Marie Madeleine arr. Jeanette Gallant (1961-2025)
UW Cohort Ensemble; Kyle Hanks, Diane Johnson, & Michael McKenzie, percussionists
Red River Valley - arr. Leonard Enns (b.1948)
UW Recital Choir; Helen Woodruff, soloist
Three Poems from the Parlor: Eleanor Daley
Mrs. Austen
Treble Choir
Feller From Fortune - arr. Harry Somers (1925-1999)
UW Recital Choir
“names” - Kateri Akiwenzie-Damm
J’entends le Moulin - arr. M. Snelgrove (b. 1962)
Seattle Francophone Choir
Walk Out on the Water - arr. G. Kroeker-Lee (b.19??)
UW Chorale
All Too Soon - arr. Stephen Hatfield
UW Recital Choir
Les Voyageurs de la Gatineau - arr. Jennifer McMillan (b.19??)
UW Chorale
This programme of Canadian music is both deeply personal and widely communal. Songs My Grandmother Taught Me is a tribute to the women who plant music in us before we even know we’re musicians.
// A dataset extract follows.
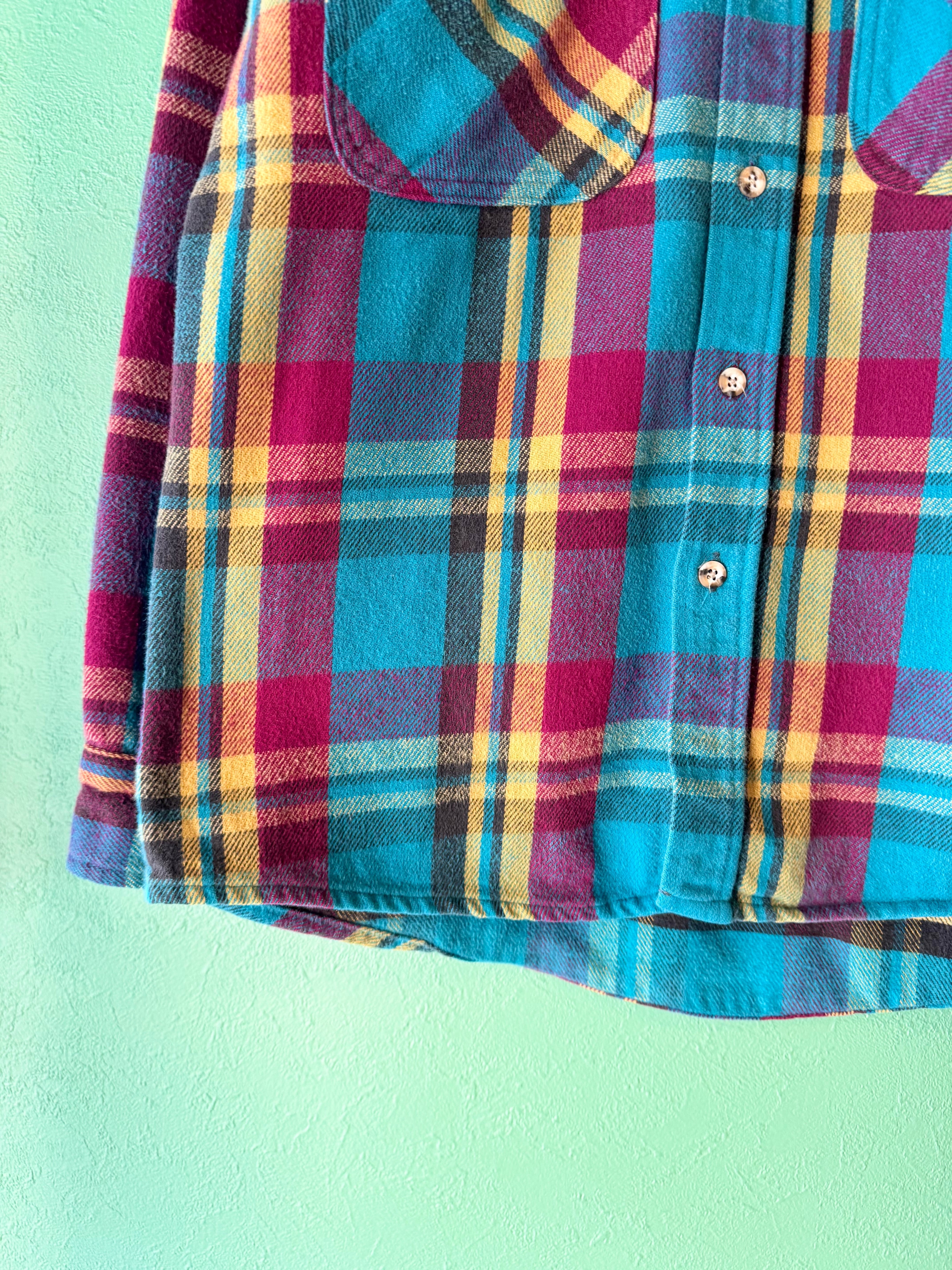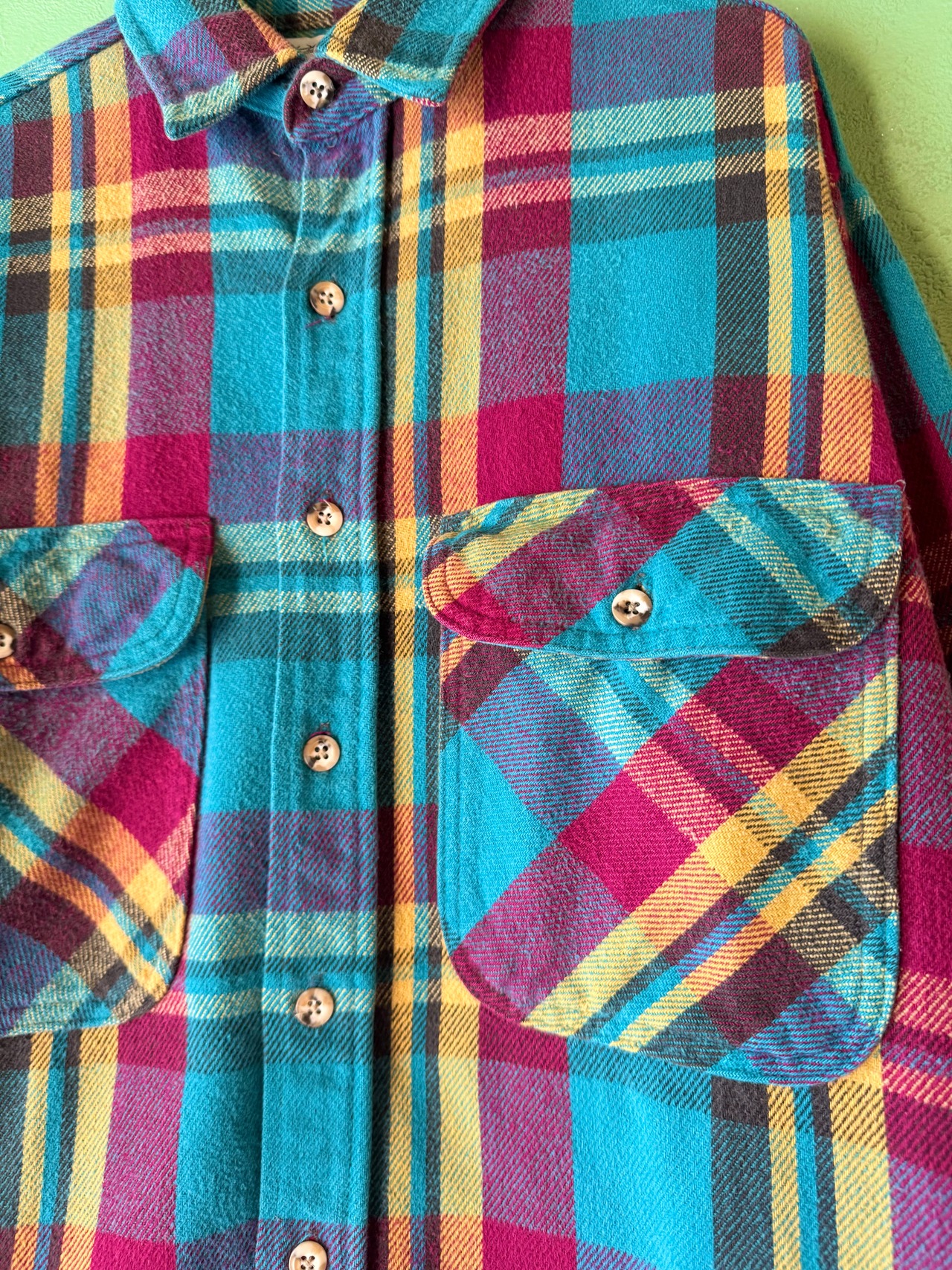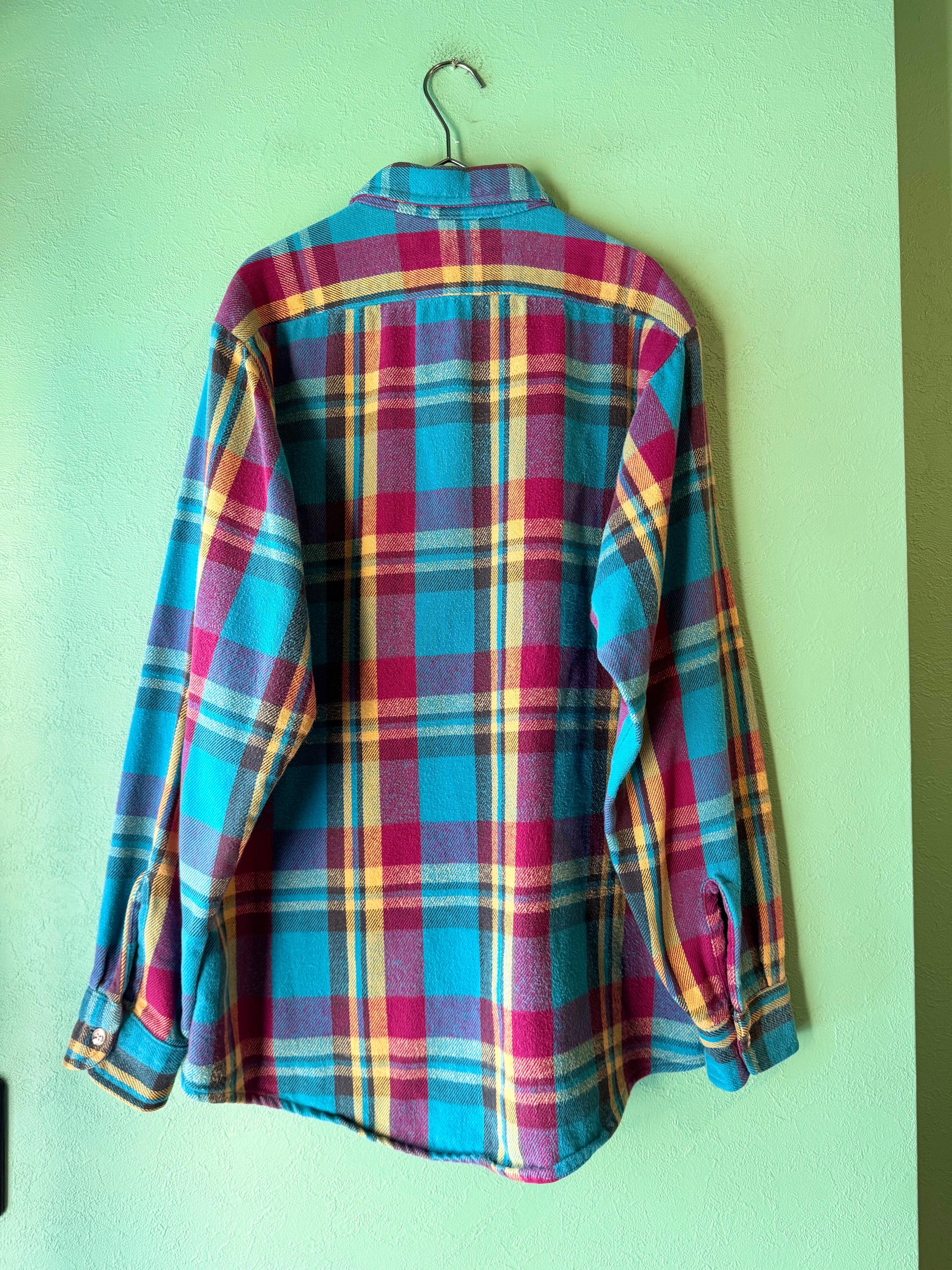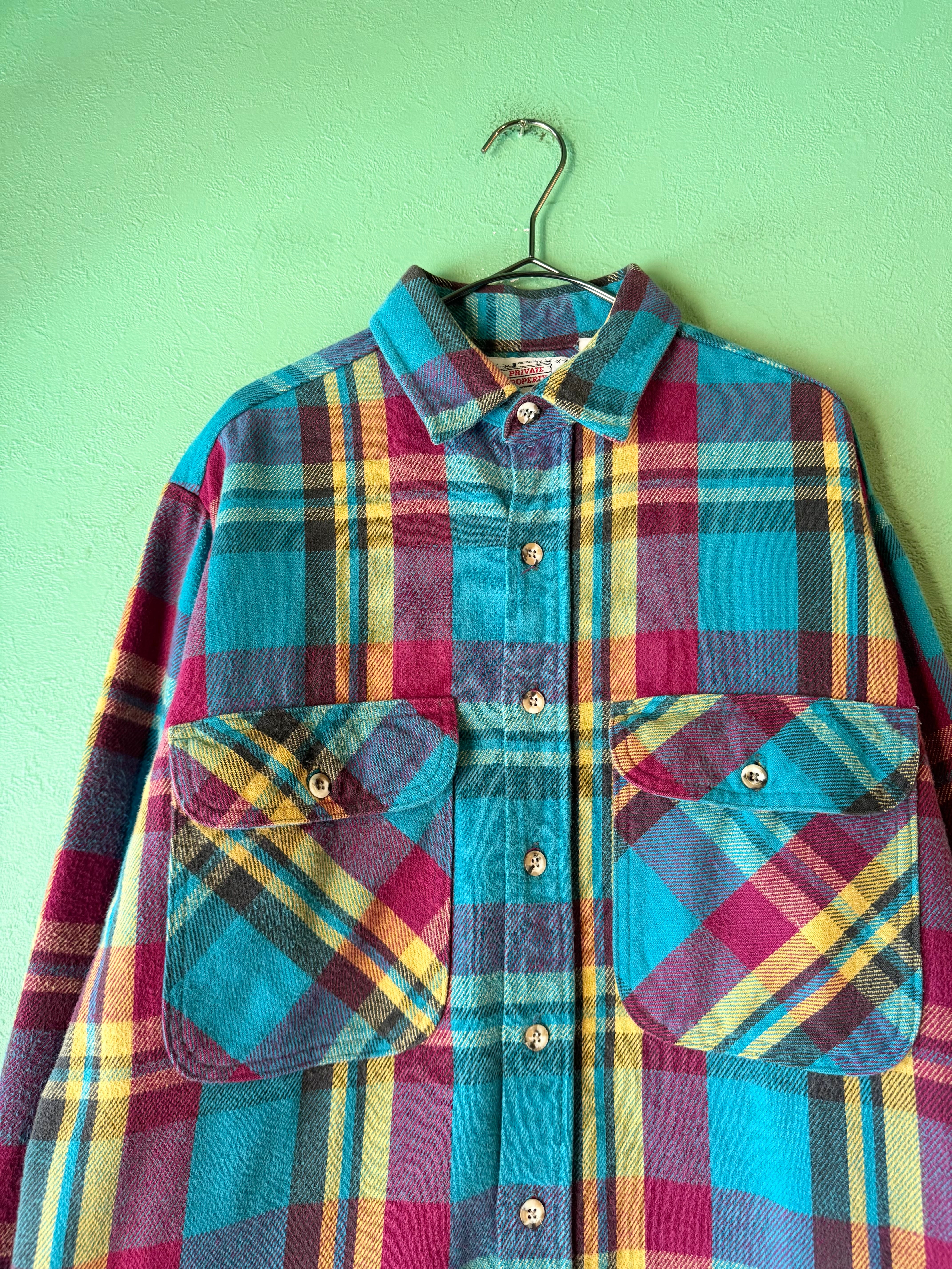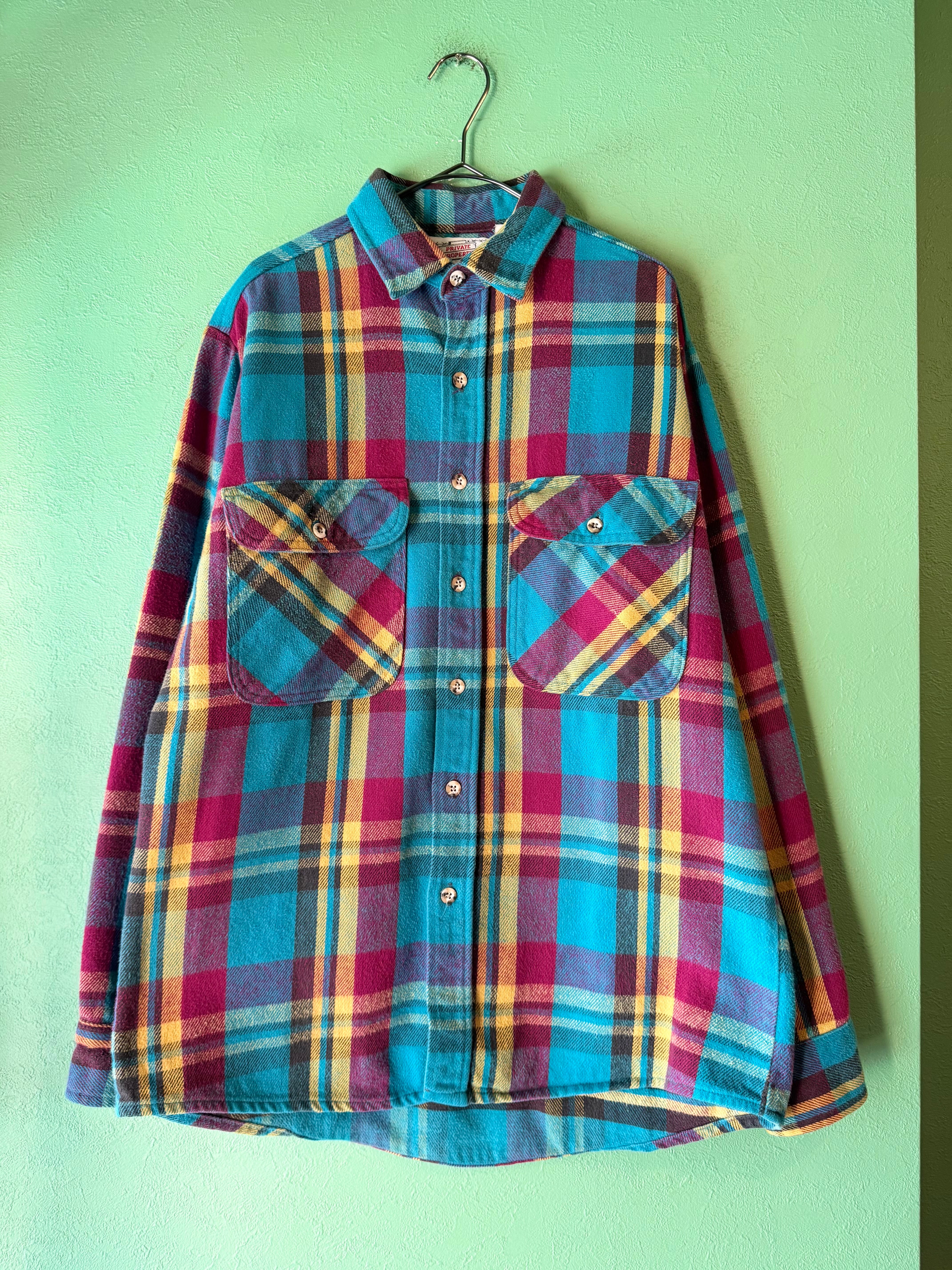 ブルー×イエロー×レッドのあまり見かけないチェックパターンに古着好きには嬉しいアメリカ製が◎

My grandmother, Henriette (affectionately known as “mémé” by her dozens of grandchildren and great grandchildren)—French Canadian, a church organist, a quiet force of grace and patience—was my first piano teacher and my first French tutor. A beacon of our French Canadian heritage, she would come over to teach us how to cook traditional meals (tortière), sit down with us for hours at the kitchen table helping us with our homework (all in French so that we could connect with our heritage, even while growing up in the very anglophone community of Vancouver), and when the recession made formal piano lessons inaccessible, she taught us for free. She was ever present to guide me not only through music but through language, faith, and resilience.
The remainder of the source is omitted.